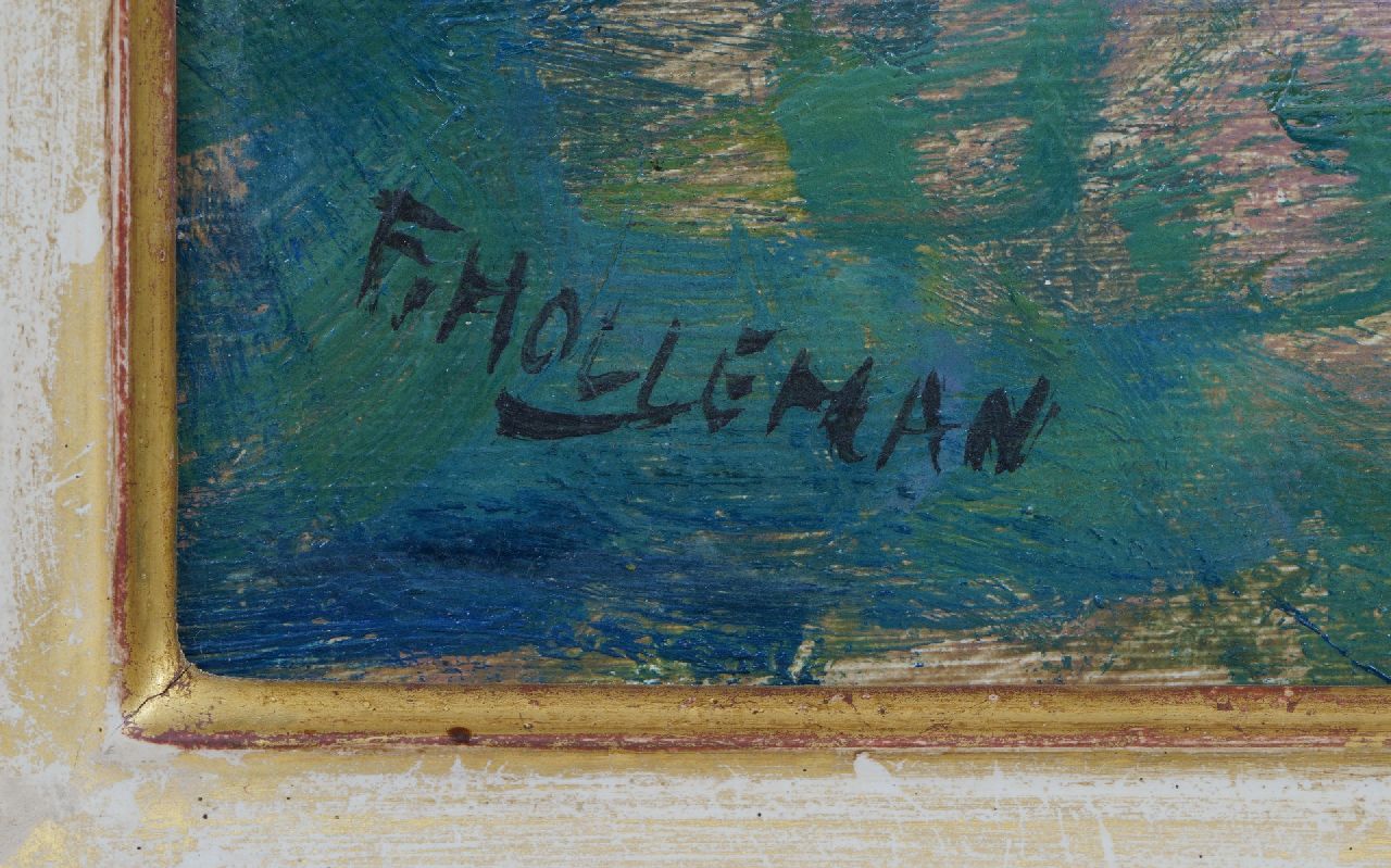 Frida Holleman schildert landschappen, interieurs en portretten in een vlotte impressionistische stijl. Haar opleiding kreeg ze aan de Haagse Academie, daarna studeerde ze bij Stanhope Forbes in Engeland en bij de genreschilder Adrien Holy in Parijs. Terug in Nederland werkte ze in Den Haag enige tijd samen met Toon Kelder, die grote invloed had op haar artistieke ontwikkeling. In 1936 vertrok Frida Holleman naar Nederlands-Indië.
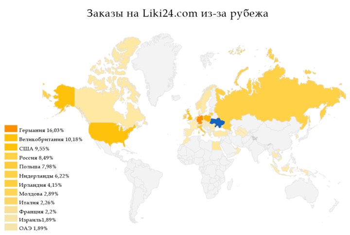 Интересно, что статистика посещений сайта Liki24.com зарубежными пользователями значительно отличается от статистики заказов с оплатой из других стран.
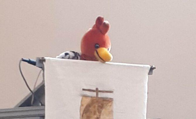 Mit diesen Worten wurde Pfarrer Christian Brandt am Ostersonntag in der Kirche von dem kleinen Wiedehopf „Wido“ begrüßt, der sein Nest in der Kanzel eingerichtet hatte.
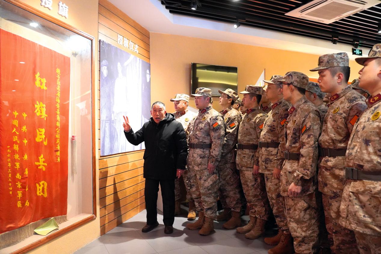 海安市人武部邀请老民兵为新入队民兵讲述角斜“红旗民兵团”的发展历程。
******************************
Exercise directions –
Except for the pictures, write the data out exactly.

Completed exercise –
 Frida Holleman schildert landschappen, interieurs en portretten in een vlotte impressionistische stijl. Haar opleiding kreeg ze aan de Haagse Academie, daarna studeerde ze bij Stanhope Forbes in Engeland en bij de genreschilder Adrien Holy in Parijs. Terug in Nederland werkte ze in Den Haag enige tijd samen met Toon Kelder, die grote invloed had op haar artistieke ontwikkeling. In 1936 vertrok Frida Holleman naar Nederlands-Indië.
 Интересно, что статистика посещений сайта Liki24.com зарубежными пользователями значительно отличается от статистики заказов с оплатой из других стран.
 Mit diesen Worten wurde Pfarrer Christian Brandt am Ostersonntag in der Kirche von dem kleinen Wiedehopf „Wido“ begrüßt, der sein Nest in der Kanzel eingerichtet hatte.
 海安市人武部邀请老民兵为新入队民兵讲述角斜“红旗民兵团”的发展历程。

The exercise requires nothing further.